#### What the task asks:
Each line from the one containing "奢翰 2015秋冬新款 女士羊绒衫圆领套头加厚提花打底衫百搭毛衣" through the last line of the records is to be repeated exactly, with all pictures left out.

#### Recorded information:
※ ※ ※

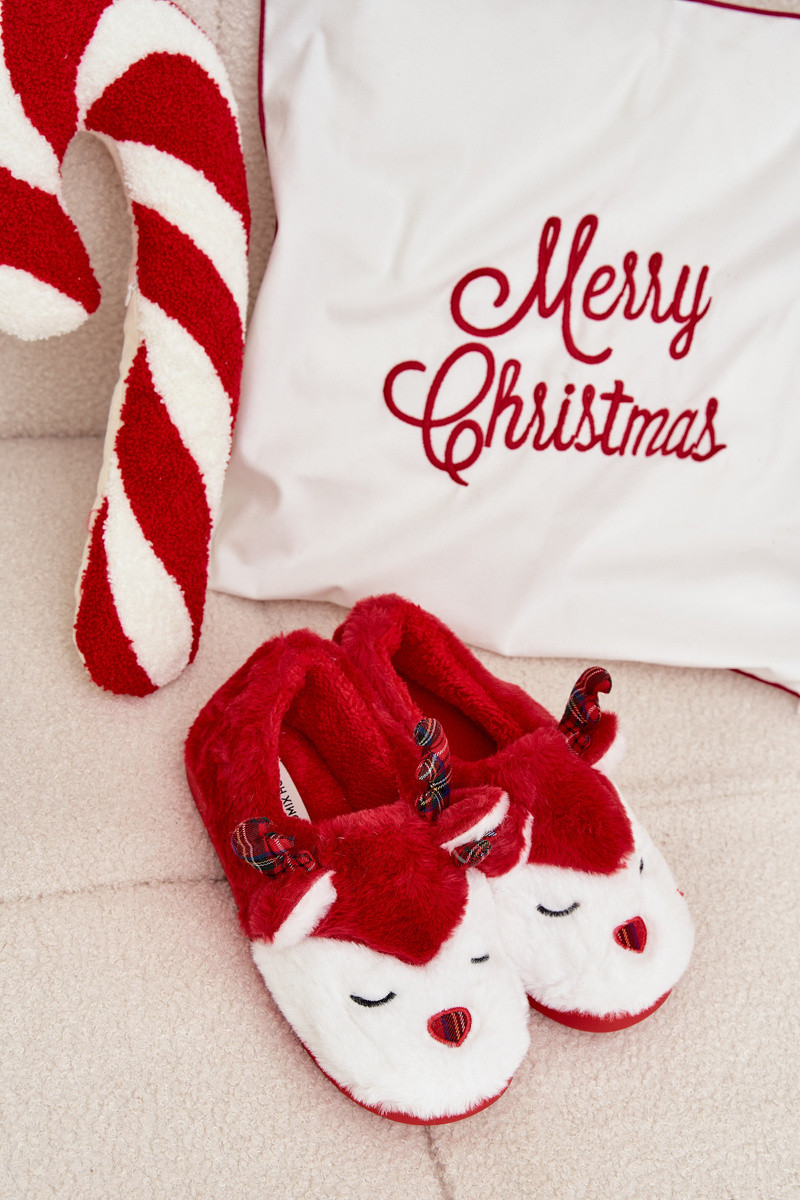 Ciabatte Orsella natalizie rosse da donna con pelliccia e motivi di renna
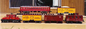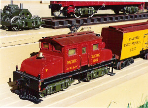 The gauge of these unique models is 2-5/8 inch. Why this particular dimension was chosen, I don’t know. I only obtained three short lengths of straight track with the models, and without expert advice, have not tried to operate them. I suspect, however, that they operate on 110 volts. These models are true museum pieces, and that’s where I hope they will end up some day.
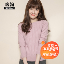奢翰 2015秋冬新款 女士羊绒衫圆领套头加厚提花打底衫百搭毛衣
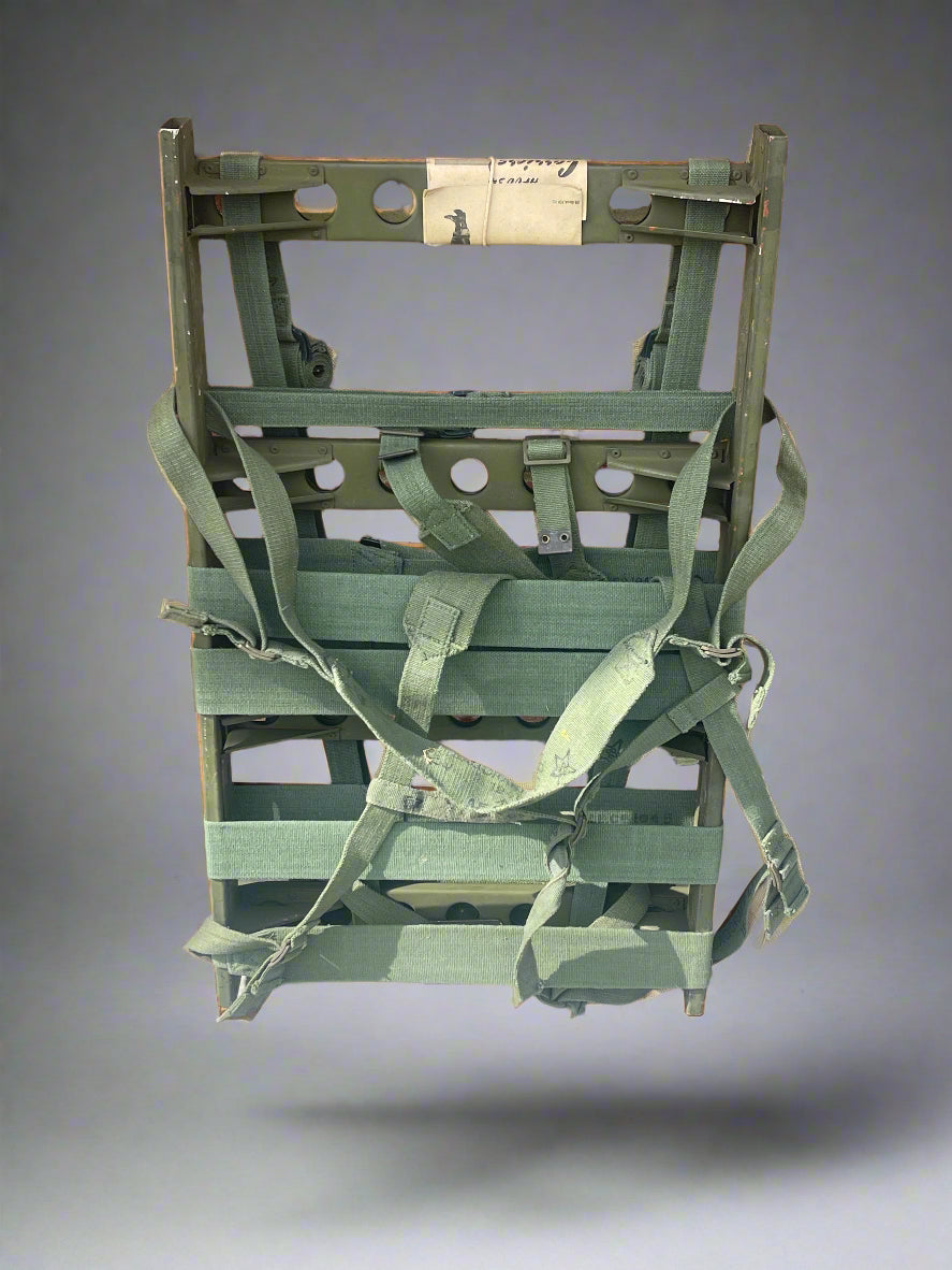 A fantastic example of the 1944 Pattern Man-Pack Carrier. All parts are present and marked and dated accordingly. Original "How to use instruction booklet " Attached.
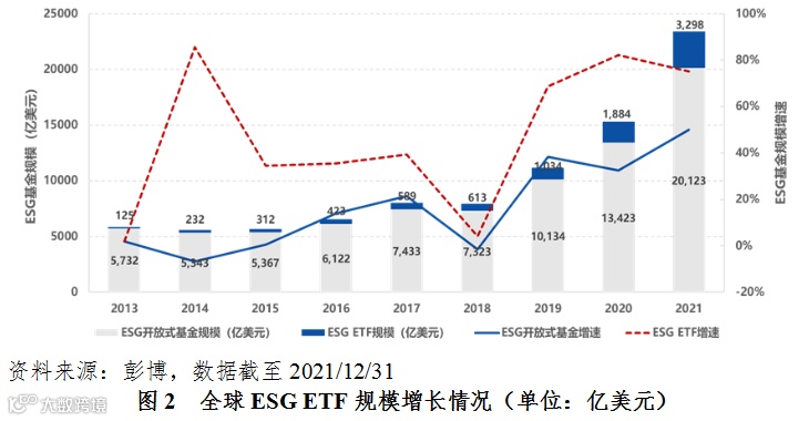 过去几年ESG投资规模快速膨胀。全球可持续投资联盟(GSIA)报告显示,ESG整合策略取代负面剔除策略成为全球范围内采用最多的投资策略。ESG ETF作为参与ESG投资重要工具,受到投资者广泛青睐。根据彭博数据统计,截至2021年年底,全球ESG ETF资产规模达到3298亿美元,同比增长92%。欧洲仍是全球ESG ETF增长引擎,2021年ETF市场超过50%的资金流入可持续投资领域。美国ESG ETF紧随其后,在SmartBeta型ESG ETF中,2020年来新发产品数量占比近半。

※ ※ ※

#### Solution for this task:
奢翰 2015秋冬新款 女士羊绒衫圆领套头加厚提花打底衫百搭毛衣
 A fantastic example of the 1944 Pattern Man-Pack Carrier. All parts are present and marked and dated accordingly. Original "How to use instruction booklet " Attached.
 过去几年ESG投资规模快速膨胀。全球可持续投资联盟(GSIA)报告显示,ESG整合策略取代负面剔除策略成为全球范围内采用最多的投资策略。ESG ETF作为参与ESG投资重要工具,受到投资者广泛青睐。根据彭博数据统计,截至2021年年底,全球ESG ETF资产规模达到3298亿美元,同比增长92%。欧洲仍是全球ESG ETF增长引擎,2021年ETF市场超过50%的资金流入可持续投资领域。美国ESG ETF紧随其后,在SmartBeta型ESG ETF中,2020年来新发产品数量占比近半。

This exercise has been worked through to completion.